我的数据框有两列(医院名称,类型)。变量都是字符变量。数据如下所示: -
hospital_name type
ABC rural
ABC rural
ABC urban
XYZ urban
XYZ urban
EFG rural
我正在编写一个代码,该代码将按医院名称分组,并计算该组中每种类型的数量。接下来,创建一个名为type2的新列,该列将具有类型列中出现次数最多的值。期望的输出应该是: -
hospital_name type type2
ABC rural rural
XYZ urban urban
EFG rural rural
我使用dplyr解决了这个问题,但是我收到了错误。这是我的解决方案: -
library("dplyr")
df<-df%>%group_by(hospital_name)%>%mutate(type2=names(which.max(table(type))))
错误是: -
Error: incompatible types, expecting a character vector
答案 0 :(得分:5)
鉴于上面的代码运行没有错误,但没有产生所需的输出,我只是稍微调整它以获得你想要的东西:
dat <- dplyr::data_frame(hospital_name = c("ABC", "ABC", "ABC", "XYZ", "XYZ", "EFG"),
type = c("rural", "rural", "urban", "urban", "urban", "rural"))
dat %>% group_by(hospital_name) %>%
mutate(type2 = names(which.max(table(type)))) %>%
filter(type == type2) %>%
distinct()
dat
# Source: local data frame [3 x 3]
# Groups: hospital_name [3]
#
# hospital_name type type2
# (chr) (chr) (chr)
# 1 ABC rural rural
# 2 XYZ urban urban
# 3 EFG rural rural
上面的评论表明数据在NA
列中有type
,这似乎就是错误。
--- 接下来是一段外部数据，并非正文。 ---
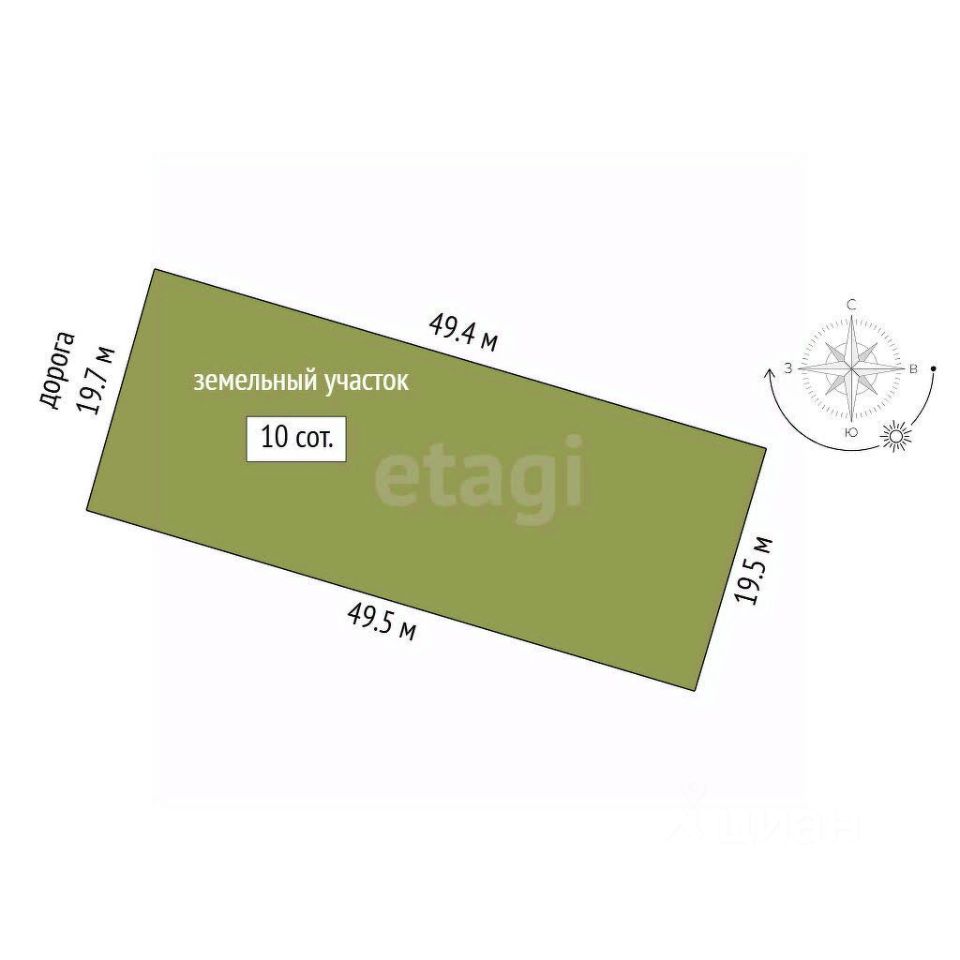 10 соток, правильной формы. Участок находится в 3 очереди коттеджного поселка с уже активной застройкой.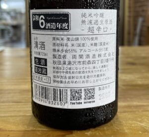 秋田県産美山錦55%精米、酸度1,8、アミノ酸0,9、日本酒度+13,0、アルコール17度原酒、酵母は非開示です。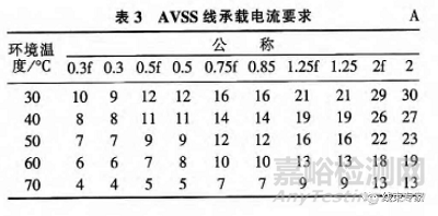 本車型選用日標導線,導線耐熱劣化壽命曲線如圖4所示。由圖4可知,如采用AVSS(超薄壁型PVC絕緣低壓電線),滿足10年設(shè)計壽命要求(累計通電時間約為10000h),導線額定溫度不允許超過80℃,根據(jù)公式(3),即可知導線在相應環(huán)境溫度下承載電流要求。如表3所示。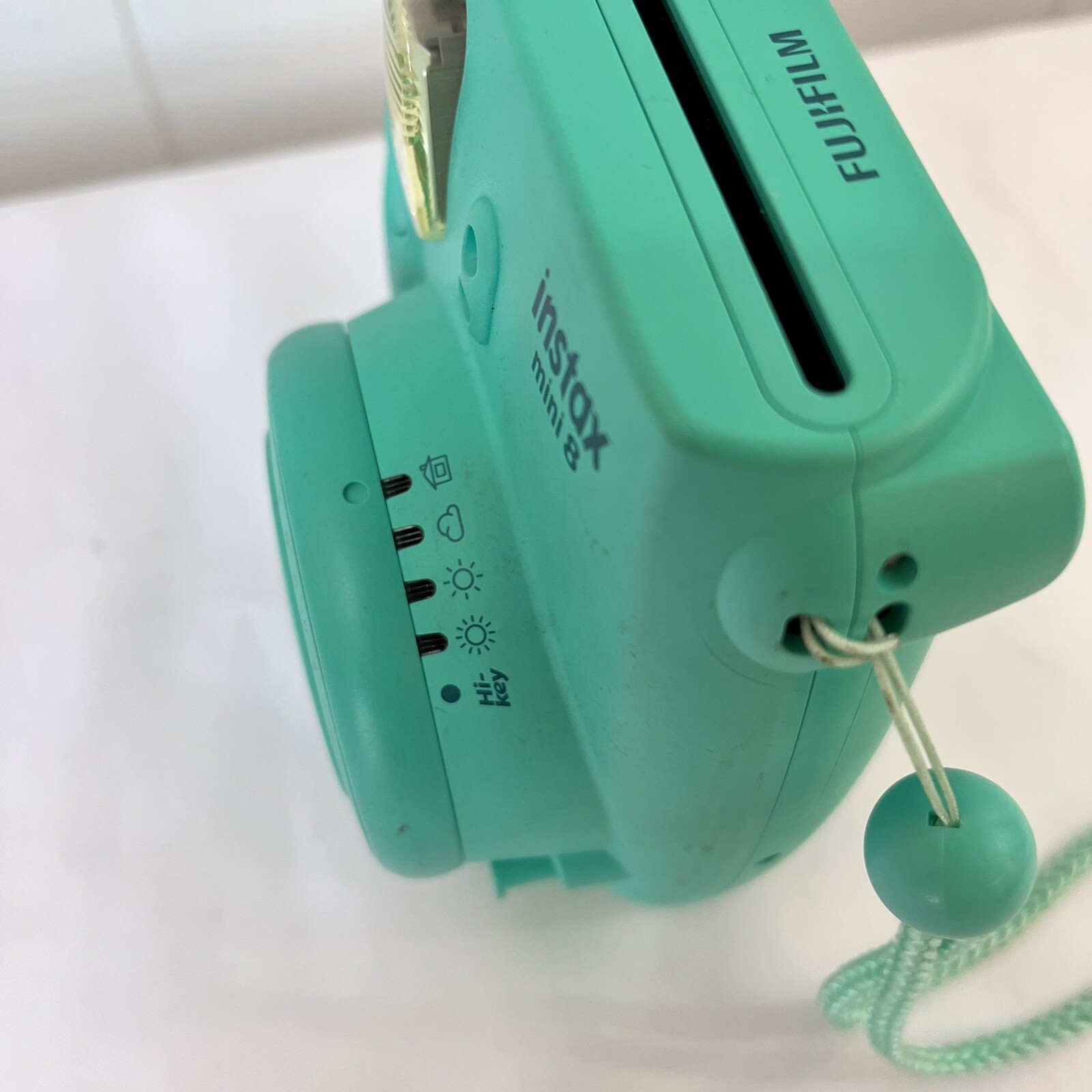 Fugifilm Instax Mini 8 Instant Camera Turquoise Green Tested Working Minor scuffs may be present from handling and storage. Includes 10 pieces of film. Batteries not included. Requires 2 AA batteries.

但是,这似乎不是我机器上的问题。
dat <- data.frame(hospital_name = c("ABC", "ABC", "ABC", "XYZ", "XYZ", "EFG"),
type = c("rural", "rural", "urban", "urban", NA, "rural"))
dat
# hospital_name type
# 1 ABC rural
# 2 ABC rural
# 3 ABC urban
# 4 XYZ urban
# 5 XYZ <NA>
# 6 EFG rural
sapply(dat, class)
# hospital_name type
# "factor" "factor"
dat %>%
group_by(hospital_name) %>%
mutate(type2 = names(which.max(table(type))))
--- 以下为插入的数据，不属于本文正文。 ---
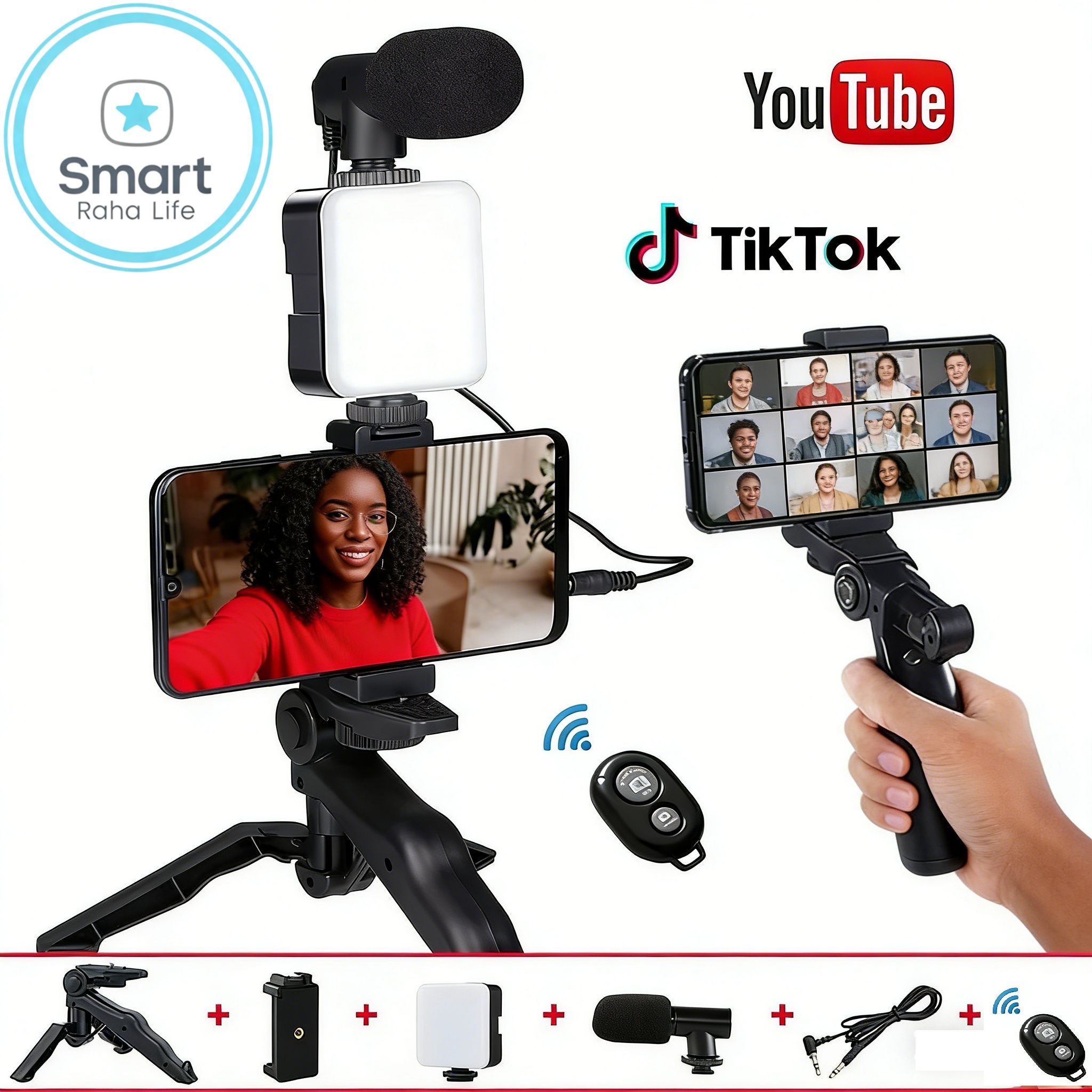 【Promotion】Smartrahalife Tripod Phone Stand with Ring Light and Microphone All in One Video Recording Kit for Content Creators Live Streaming YouTube TikTok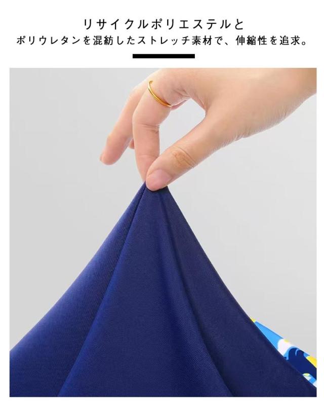 | キャップ・トップス・パンツの3点セット!【80cm−160cm】 上下セパレートでお洋服みたいに着こなせるからお着替えも、おトイレも自分で出来ちゃう!?ママもラクラクなデザイン 半袖トップス&ショートパンツ&キャップのセットタイプで水陸両用で使えるので様々なシーンに対応できる ストレッチ性に優れ、フィット感のよい、セパレートタイプの女児向けウォーターウエア。 リサイクルポリエステルとポリウレタンを混紡したストレッチ素材で、伸縮性を追求。 ストレッチ、紫外線カット生地なので脱ぎ着しやすく、日焼けや紫外線対策にぴったりです。 海、川などのレジャーまで幅広くご使用いただけます。 | |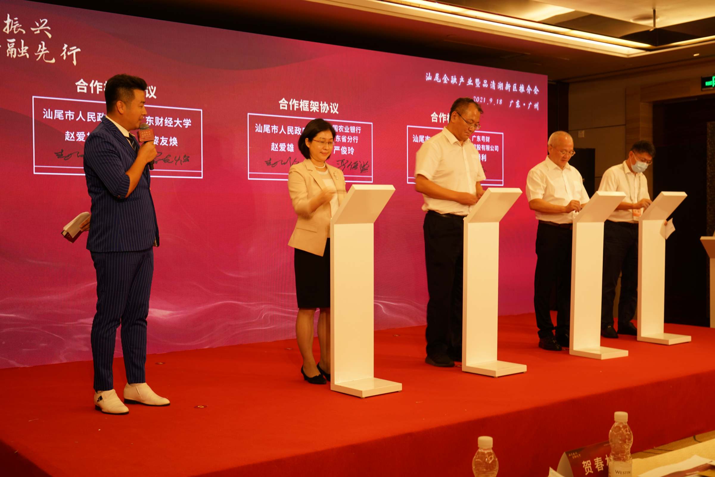 9月18日,汕尾市政府举办的“汕尾振兴·金融先行”汕尾金融产业暨品清湖新区推介会在广交会展中心举行。我校副校长邹新月,社会合作处处长黎友焕出席活动并与汕尾市签订了广东财经大学——汕尾市政府合作框架协议。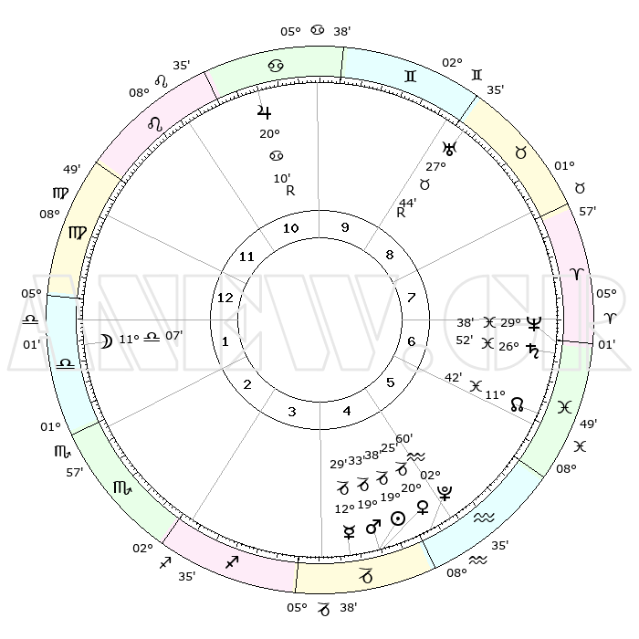 | | ΘΕΣΕΙΣ ΠΛΑΝΗΤΩΝ ΑΣΤΡΟΛΟΓΙΚΟΥ ΧΑΡΤΗ ΤΗΣ ΣΤΙΓΜΗΣ ΑΥΤΗΣ | | | | Πλανήτης | Ζώδιο | Μοίρες | Δεκαήμ. | Σε οίκο | Απόκλιση | | Ακμές των οίκων | | Ηλιος | Αιγόκερως | 18°55' | Δεύτερο | 1 | 22 S 06 | | 1ος | 01°35' | Αιγόκερως | | Σελήνη | Ζυγός | 02°22' | Πρώτο | 9 | 02 S 42 | | 2ος | 09°08' | Υδροχόος | | Ερμής | Αιγόκερως | 11°22' | Δεύτερο | 1 | 24 S 19 | | 3ος | 19°14' | Ιχθείς | | Αφροδίτη | Αιγόκερως | 19°31' | Δεύτερο | 1 | 22 S 48 | | 4ος | 22°55' | Κριός | | Αρης | Αιγόκερως | 18°60' | Δεύτερο | 1 | 23 S 01 | | 5ος | 18°59' | Ταύρος | | Δίας | Καρκίνος | 20°16'R | Τρίτο | 7 | 22 N 10 | | 6ος | 10°41' | Δίδυμοι | | Κρόνος | Ιχθείς | 26°49' | Τρίτο | 3 | 03 S 19 | | 7ος | 01°35' | Καρκίνος | | Ουρανός | Ταύρος | 27°45'R | Τρίτο | 5 | 19 N 28 | | 8ος | 09°08' | Λέων | | Ποσειδώνας | Ιχθείς | 29°38' | Τρίτο | 3 | 01 S 22 | | 9ος | 19°14' | Παρθένος | | Πλούτωνας | Υδροχόος | 02°59' | Πρώτο | 1 | 23 S 10 | | 10ος | 22°55' | Ζυγός | | Β. Δεσμός | Ιχθείς | 11°44' | Δεύτερο | 2 | 07 S 10 | | 11ος | 18°59' | Σκορπιός | | Ωροσκόπος | Αιγόκερως | 01°35' | Πρώτο | | | 12ος | 10°41' | Τοξότης | | Μεσουράνημα | Ζυγός | 22°55' | Τρίτο | | | |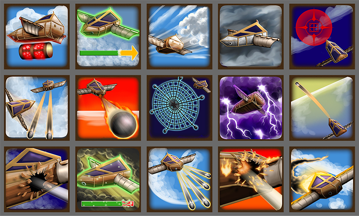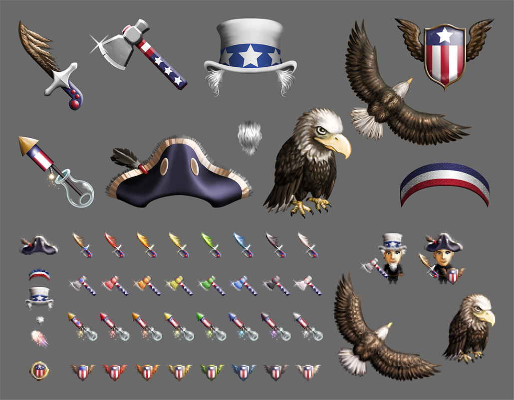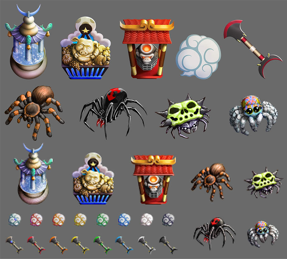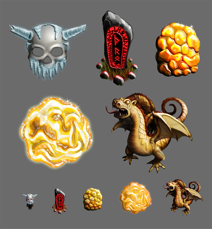 Mobile gaming assets for PerBlue Inc., including hi res paintings, pixel art, UI design and marketing materials.

# Source: local data frame [6 x 3]
# Groups: hospital_name [3]
# hospital_name type type2
# (fctr) (fctr) (chr)
# 1 ABC rural rural
# 2 ABC rural rural
# 3 ABC urban rural
# 4 XYZ urban urban
# 5 XYZ NA urban
# 6 EFG rural rural
所以我终于能够重现你的错误了。
dat <- structure(list(NET_PARENT = c("COMMUNITY HEALTH SYSTEMS (CHS)",
"JEFFERSON HEALTH", "JEFFERSON HEALTH", "MEMORIAL HEALTH SYSTEM (SPRINGFIELD IL)",
"TENET HEALTHCARE", "TENET HEALTHCARE", "TENET HEALTHCARE", "TENET HEALTHCARE",
"LIFEPOINT HEALTH (FKA: LIFEPOINT HOSPITALS)", "INDIAN HEALTH SERVICES"
), OWNERSHIP = c("for_profit", "non-profit", "non-profit", "non-profit",
"for_profit", NA, NA, NA, "for_profit", NA)), .Names = c("NET_PARENT",
"OWNERSHIP"), row.names = c(1L, 2L, 3L, 4L, 5L, 6L, 7L, 8L, 10L,
13L), class = "data.frame")
dat
# NET_PARENT OWNERSHIP
# 1 COMMUNITY HEALTH SYSTEMS (CHS) for_profit
# 2 JEFFERSON HEALTH non-profit
# 3 JEFFERSON HEALTH non-profit
# 4 MEMORIAL HEALTH SYSTEM (SPRINGFIELD IL) non-profit
# 5 TENET HEALTHCARE for_profit
# 6 TENET HEALTHCARE <NA>
# 7 TENET HEALTHCARE <NA>
# 8 TENET HEALTHCARE <NA>
# 10 LIFEPOINT HEALTH (FKA: LIFEPOINT HOSPITALS) for_profit
# 13 INDIAN HEALTH SERVICES <NA>
dat %>% group_by(NET_PARENT) %>% mutate(type2 = names(which.max(table(OWNERSHIP)))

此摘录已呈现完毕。